• **Given entries**:
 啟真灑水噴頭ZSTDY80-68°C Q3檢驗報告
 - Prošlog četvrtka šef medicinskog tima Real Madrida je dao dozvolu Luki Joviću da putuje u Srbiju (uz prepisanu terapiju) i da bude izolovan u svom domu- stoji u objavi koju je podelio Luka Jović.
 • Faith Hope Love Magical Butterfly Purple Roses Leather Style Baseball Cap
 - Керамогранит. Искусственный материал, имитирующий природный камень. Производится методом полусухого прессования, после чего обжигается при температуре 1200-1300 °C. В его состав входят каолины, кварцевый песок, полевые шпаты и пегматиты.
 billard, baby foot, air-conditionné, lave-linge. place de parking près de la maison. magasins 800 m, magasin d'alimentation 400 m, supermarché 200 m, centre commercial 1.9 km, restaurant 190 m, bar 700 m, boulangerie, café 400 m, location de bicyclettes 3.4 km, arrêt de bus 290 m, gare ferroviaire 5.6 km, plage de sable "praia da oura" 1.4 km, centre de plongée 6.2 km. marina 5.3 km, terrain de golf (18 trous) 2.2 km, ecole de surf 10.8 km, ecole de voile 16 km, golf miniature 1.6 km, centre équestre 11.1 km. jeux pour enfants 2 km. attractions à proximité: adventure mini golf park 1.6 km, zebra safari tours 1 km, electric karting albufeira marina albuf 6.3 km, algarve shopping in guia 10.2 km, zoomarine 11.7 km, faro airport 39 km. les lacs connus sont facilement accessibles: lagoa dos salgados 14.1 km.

* * *

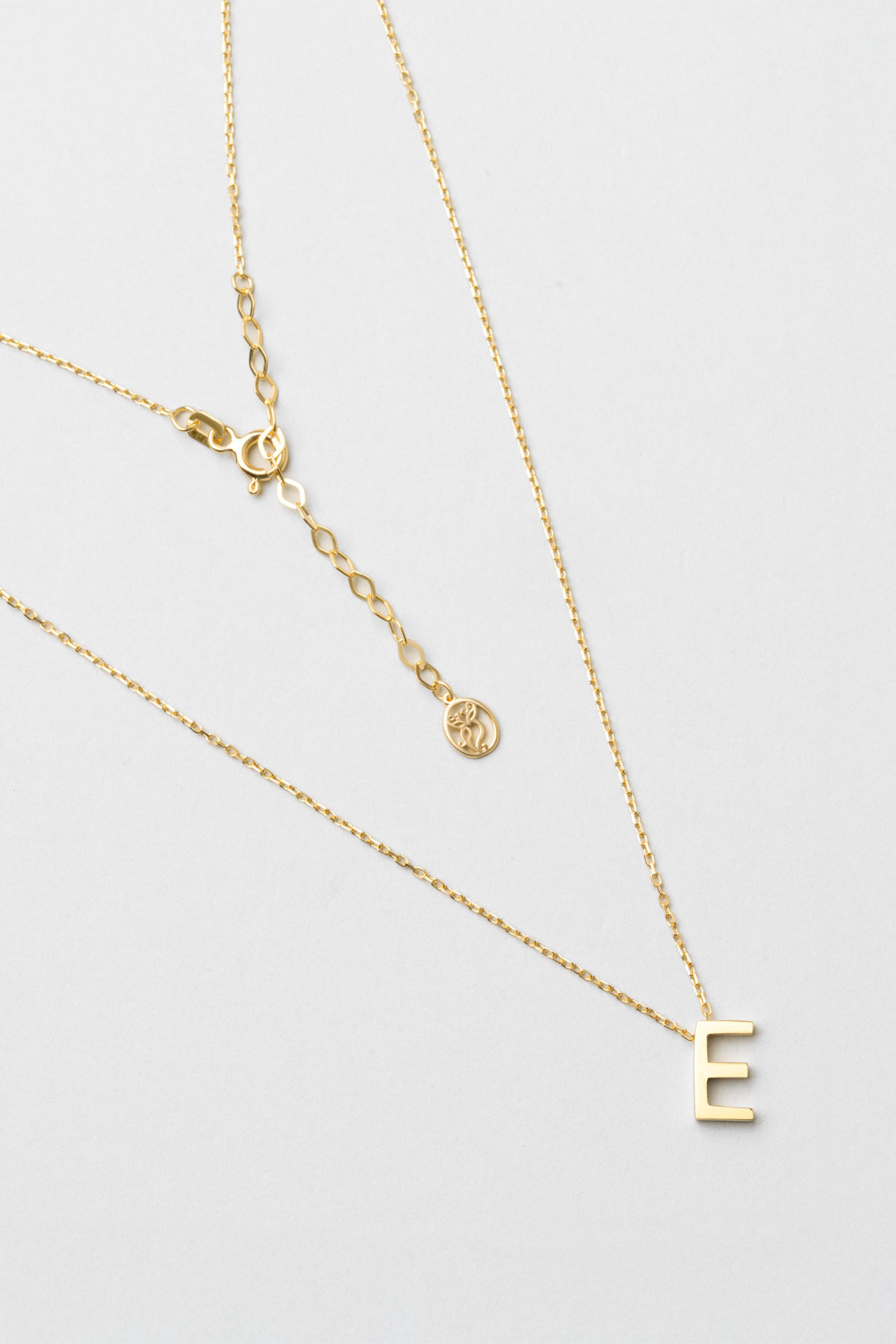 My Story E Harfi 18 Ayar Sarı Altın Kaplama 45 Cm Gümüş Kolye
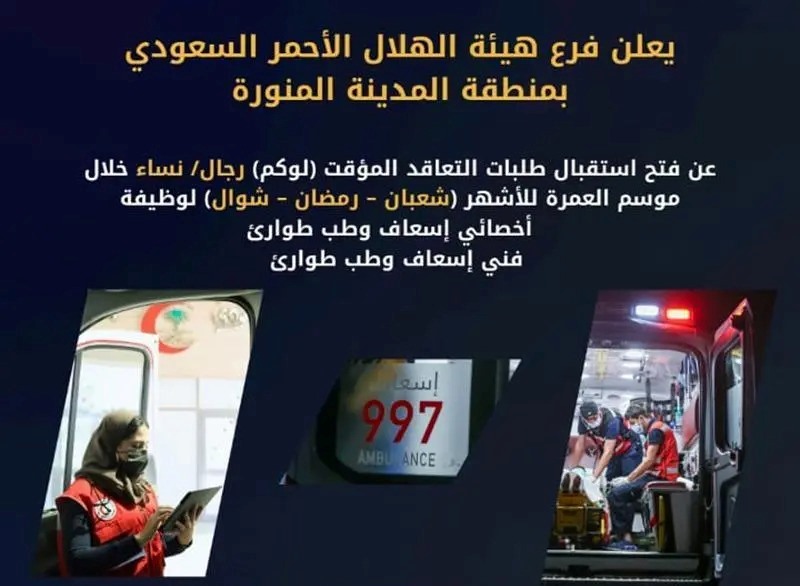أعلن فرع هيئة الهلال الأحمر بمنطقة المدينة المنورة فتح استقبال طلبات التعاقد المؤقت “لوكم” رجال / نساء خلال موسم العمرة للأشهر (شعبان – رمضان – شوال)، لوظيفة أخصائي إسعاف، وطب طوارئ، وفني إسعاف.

...

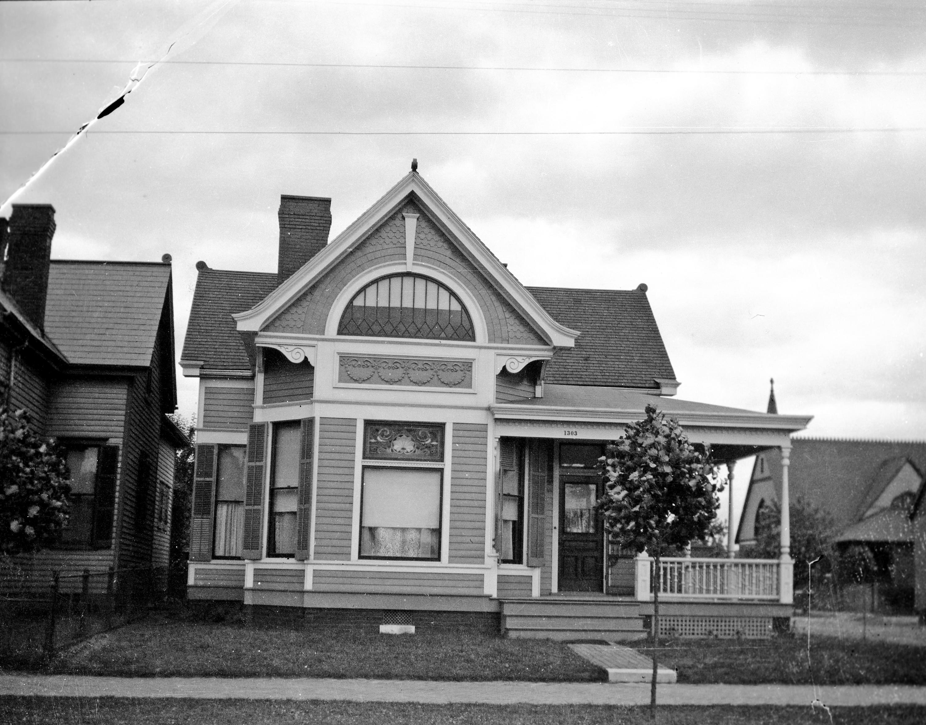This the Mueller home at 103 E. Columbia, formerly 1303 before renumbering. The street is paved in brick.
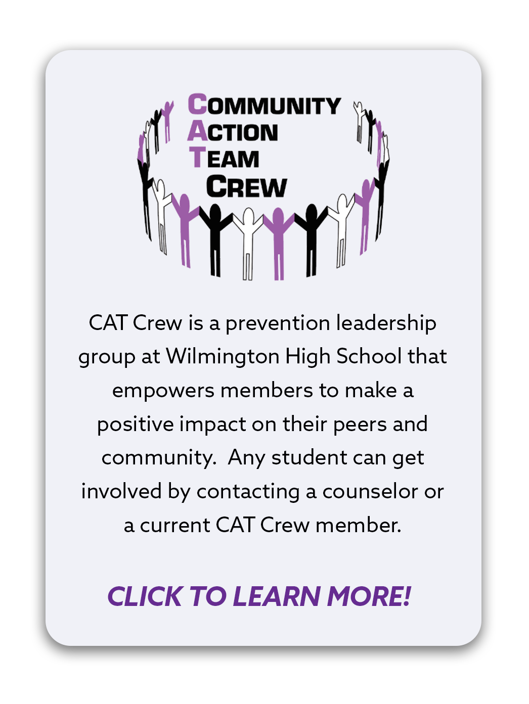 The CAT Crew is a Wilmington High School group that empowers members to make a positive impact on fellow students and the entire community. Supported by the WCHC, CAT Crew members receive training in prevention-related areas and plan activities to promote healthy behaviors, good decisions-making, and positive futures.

• **Task directions**: Extract from the listing above the lines between the line containing "啟真灑水噴頭ZSTDY80-68°C Q3檢驗報告" and the line containing "- Керамогранит. Искусственный", keeping both of those lines. Output nothing else.

• **Task response**:
 啟真灑水噴頭ZSTDY80-68°C Q3檢驗報告
 - Prošlog četvrtka šef medicinskog tima Real Madrida je dao dozvolu Luki Joviću da putuje u Srbiju (uz prepisanu terapiju) i da bude izolovan u svom domu- stoji u objavi koju je podelio Luka Jović.
 • Faith Hope Love Magical Butterfly Purple Roses Leather Style Baseball Cap
 - Керамогранит. Искусственный материал, имитирующий природный камень. Производится методом полусухого прессования, после чего обжигается при температуре 1200-1300 °C. В его состав входят каолины, кварцевый песок, полевые шпаты и пегматиты.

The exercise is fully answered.